Sería absurdo pretender interpretar o —peor aun— vaticinar cómo será el gobierno de López Obrador basándonos en esas primeras imágenes e impresiones. Pero igualmente ingenuo resultaría tratar de ignorar lo que está a la vista: La Presidencia será menos faramalla y escenografía, menos lujo, menos distancia de la gente, de la sociedad.

¿Quiere decir eso una gestión más relajada, con menos concentración del poder? Lo dudo. El nuevo presidente no solo diagnosticó las carencias del periodo neoliberal, me parece que apunta también a lo que fue el gradual desapego de presidentes y gobiernos anteriores por ejercer plenamente el poder. Haya sido por convicción o descuido, por frivolidad o por convicción democrática y descentralizadora, de 1994 a la fecha el presidencialismo mexicano se fue achicando, desvaneciendo. Lo que en teoría suena muy bien en la práctica se tradujo en vacíos de poder que fueron rápidamente llenados por caciques, gobernadores, empresarios y también por el crimen organizado.
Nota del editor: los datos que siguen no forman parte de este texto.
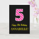 Carte Fun rose rayé "5"; Joyeux 5e anniversaire; Nom
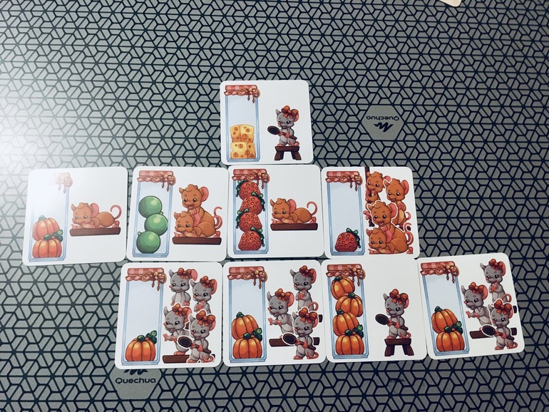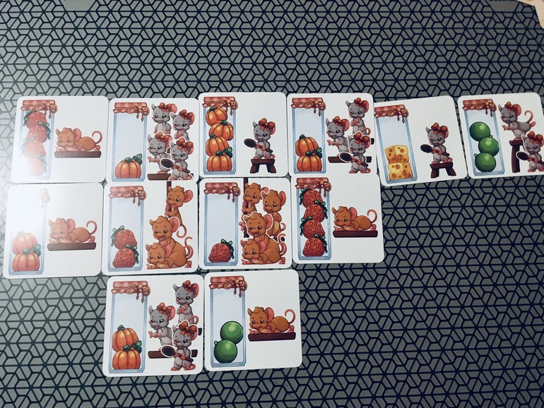 Новинка от издательства Эврикус. Рекомендована с 5 лет. Коробочка маленькая, вся игра такая ладненькая. Процесс пока не особо оценили. Я не поняла ещё, то ли игра такая простая, то ли мы что-то делаем не так. Цель: собрать в ряду 10 мышек своего цвета или 10 единиц своей еды, выкладывая в свой ход случайным образом одну карту.

El periodo de López Obrador marcará el regreso al ejercicio pleno del poder del Ejecutivo Federal. Bien encauzado eso puede recomponer la fracturada balanza de poderes en México. Mal manejado nos puede regresar a los tiempos de la concentración excesiva y unipersonal del poder político.

Para que el camino sea el correcto tendrán que funcionar como deben los múltiples contrapesos existentes: el Legislativo, el Judicial, los partidos políticos, la sociedad civil organizada, los medios, los sindicatos, la academia. En una palabra, los ciudadanos.